**** PROVIDED ENTRIES
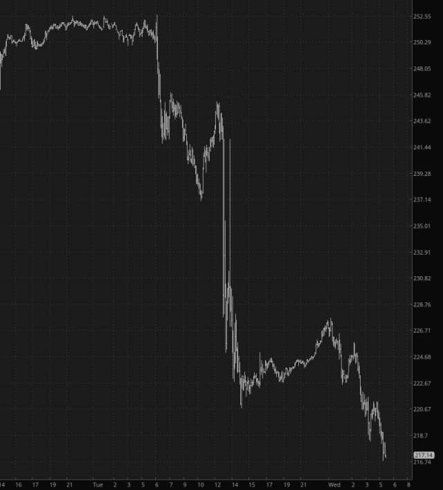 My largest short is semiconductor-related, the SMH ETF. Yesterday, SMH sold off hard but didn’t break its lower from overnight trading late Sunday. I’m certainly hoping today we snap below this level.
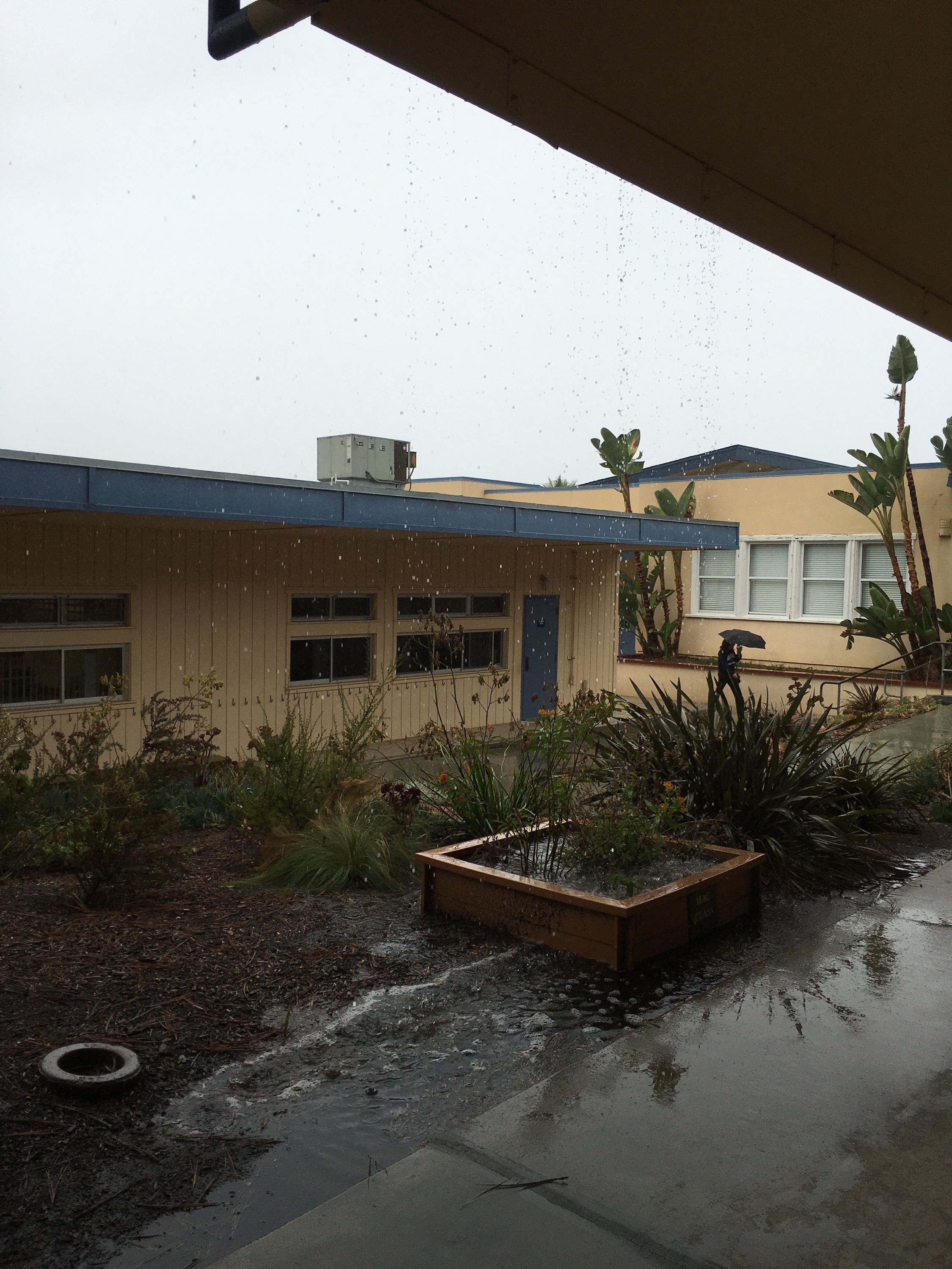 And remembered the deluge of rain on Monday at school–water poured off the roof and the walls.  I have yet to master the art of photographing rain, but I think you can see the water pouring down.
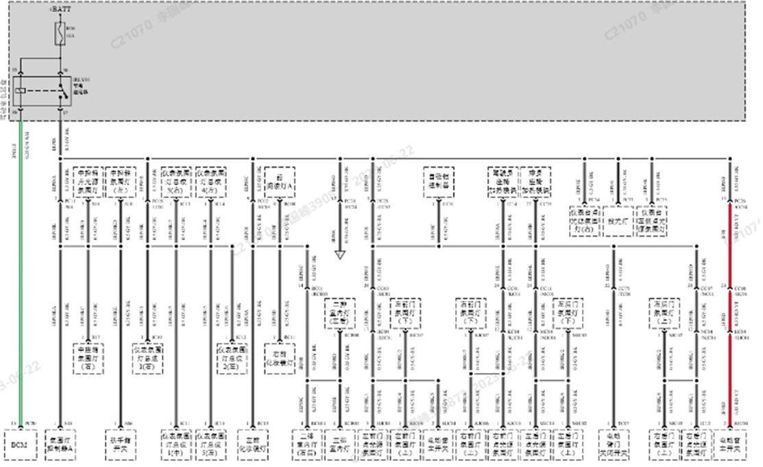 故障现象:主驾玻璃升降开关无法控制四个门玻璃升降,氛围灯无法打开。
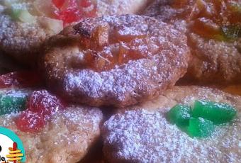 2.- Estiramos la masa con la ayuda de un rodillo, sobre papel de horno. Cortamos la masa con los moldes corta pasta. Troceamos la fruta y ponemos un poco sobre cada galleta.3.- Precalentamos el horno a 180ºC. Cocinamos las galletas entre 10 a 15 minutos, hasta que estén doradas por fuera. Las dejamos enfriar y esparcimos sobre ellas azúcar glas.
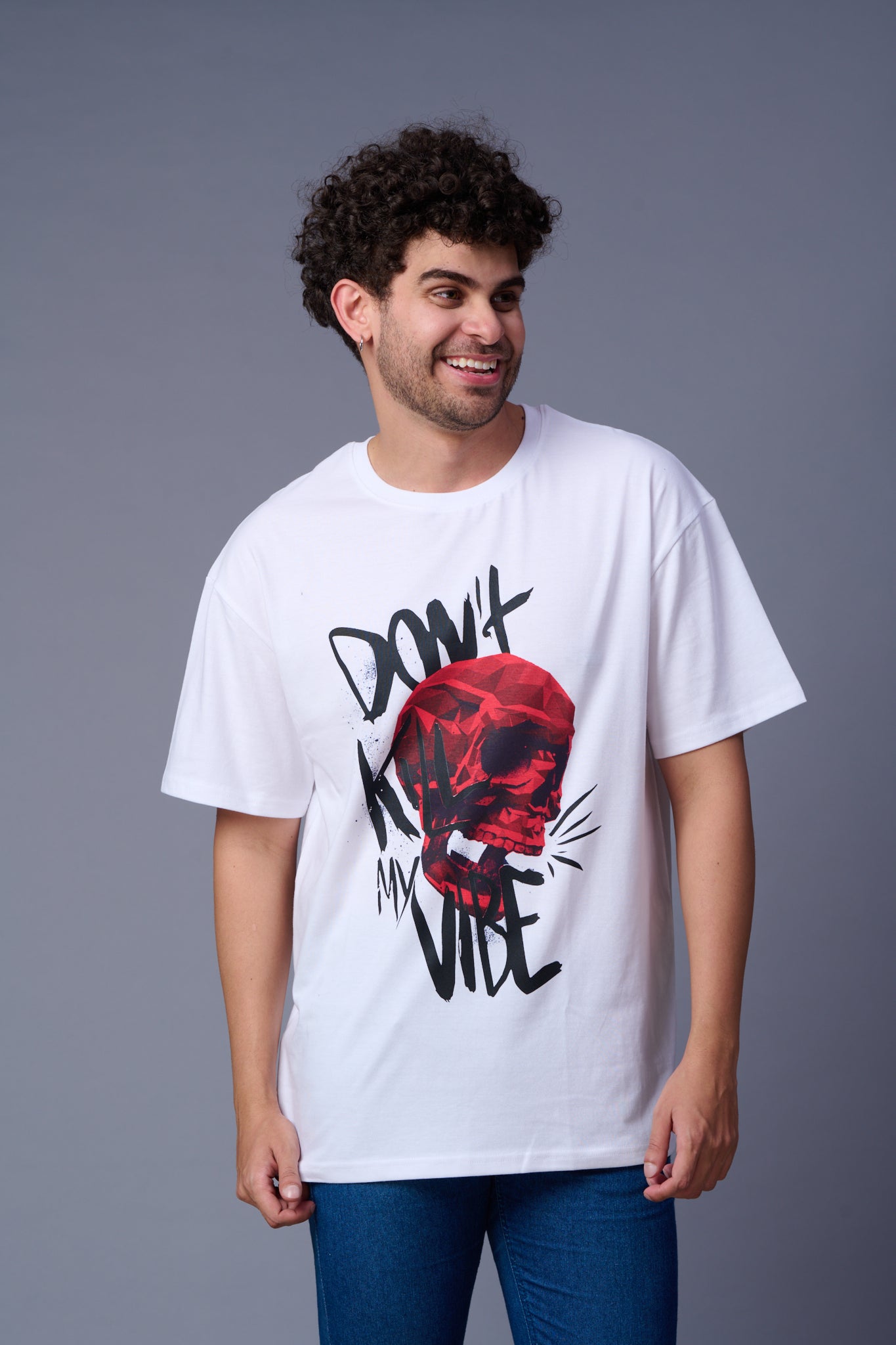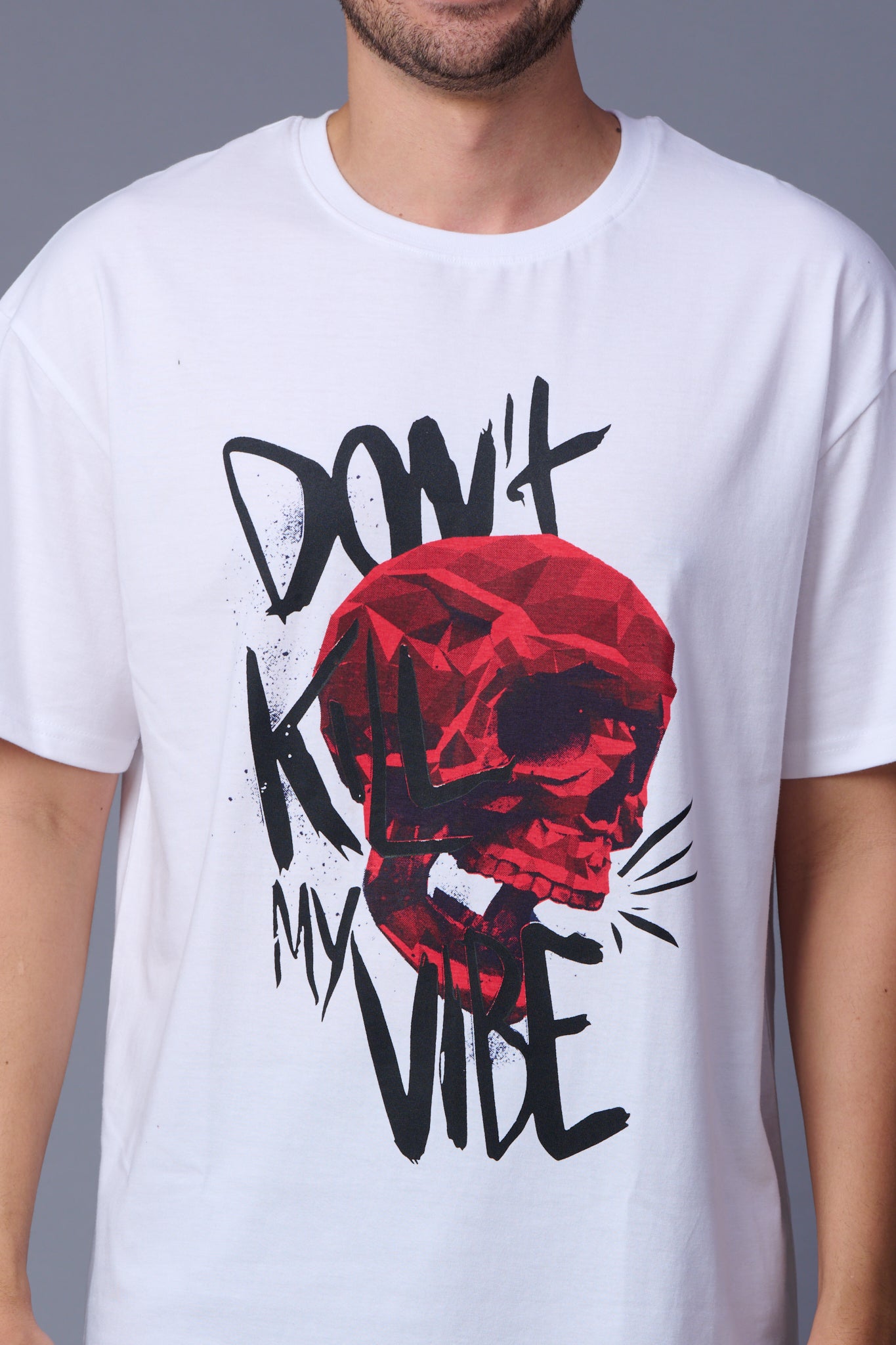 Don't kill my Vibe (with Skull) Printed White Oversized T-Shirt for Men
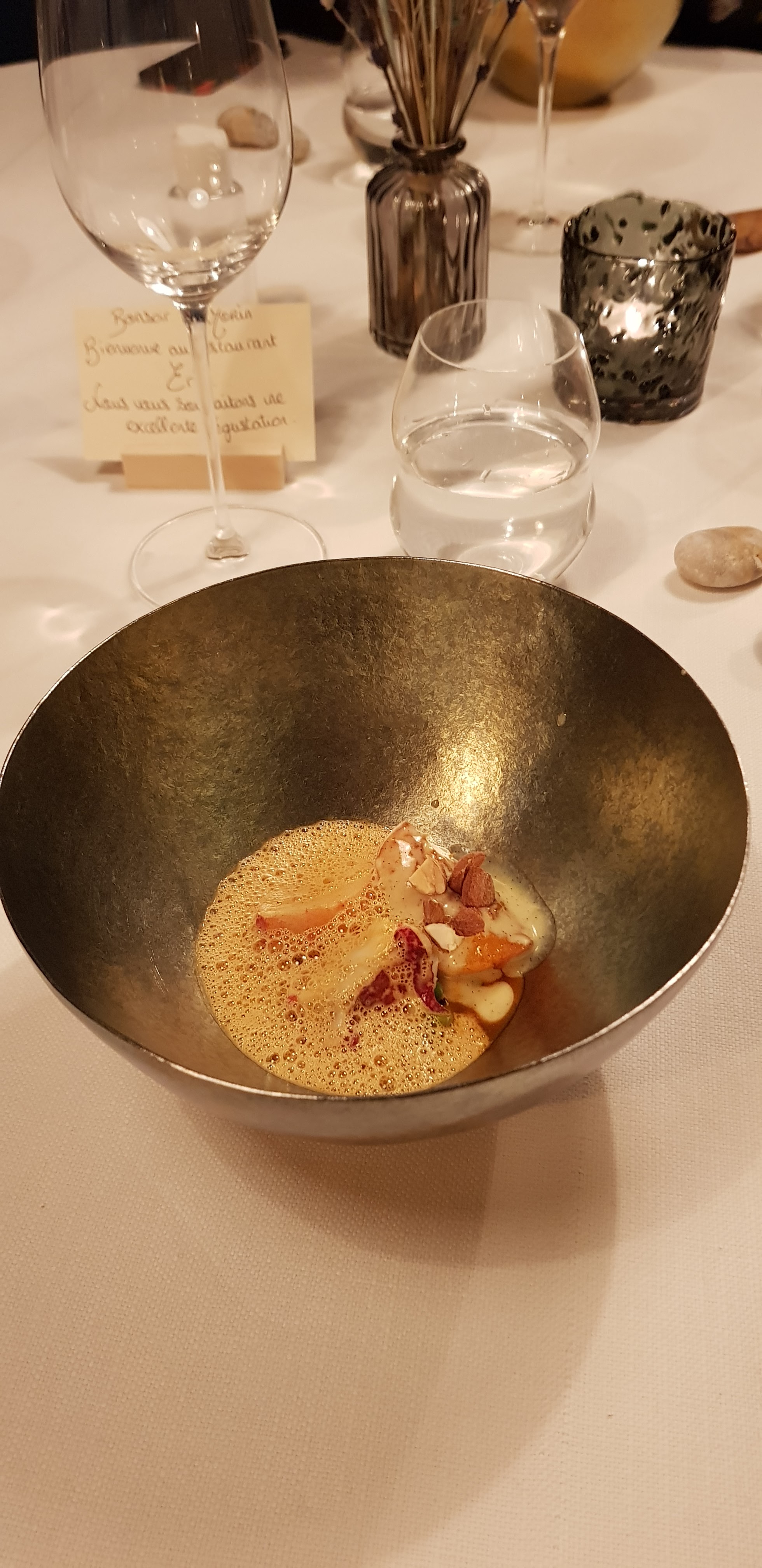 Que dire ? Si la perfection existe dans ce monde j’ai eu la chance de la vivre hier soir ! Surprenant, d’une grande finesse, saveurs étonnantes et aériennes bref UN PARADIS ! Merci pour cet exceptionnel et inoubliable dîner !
********
> ACTION ITEM: Exactly as they appear, repeat the lines from the one containing "And remembered the" through the last line of the entries, counting both ends. Pictures stay out.

> ANSWER SPACE:
 And remembered the deluge of rain on Monday at school–water poured off the roof and the walls.  I have yet to master the art of photographing rain, but I think you can see the water pouring down.
 故障现象:主驾玻璃升降开关无法控制四个门玻璃升降,氛围灯无法打开。
 2.- Estiramos la masa con la ayuda de un rodillo, sobre papel de horno. Cortamos la masa con los moldes corta pasta. Troceamos la fruta y ponemos un poco sobre cada galleta.3.- Precalentamos el horno a 180ºC. Cocinamos las galletas entre 10 a 15 minutos, hasta que estén doradas por fuera. Las dejamos enfriar y esparcimos sobre ellas azúcar glas.
 Don't kill my Vibe (with Skull) Printed White Oversized T-Shirt for Men
 Que dire ? Si la perfection existe dans ce monde j’ai eu la chance de la vivre hier soir ! Surprenant, d’une grande finesse, saveurs étonnantes et aériennes bref UN PARADIS ! Merci pour cet exceptionnel et inoubliable dîner !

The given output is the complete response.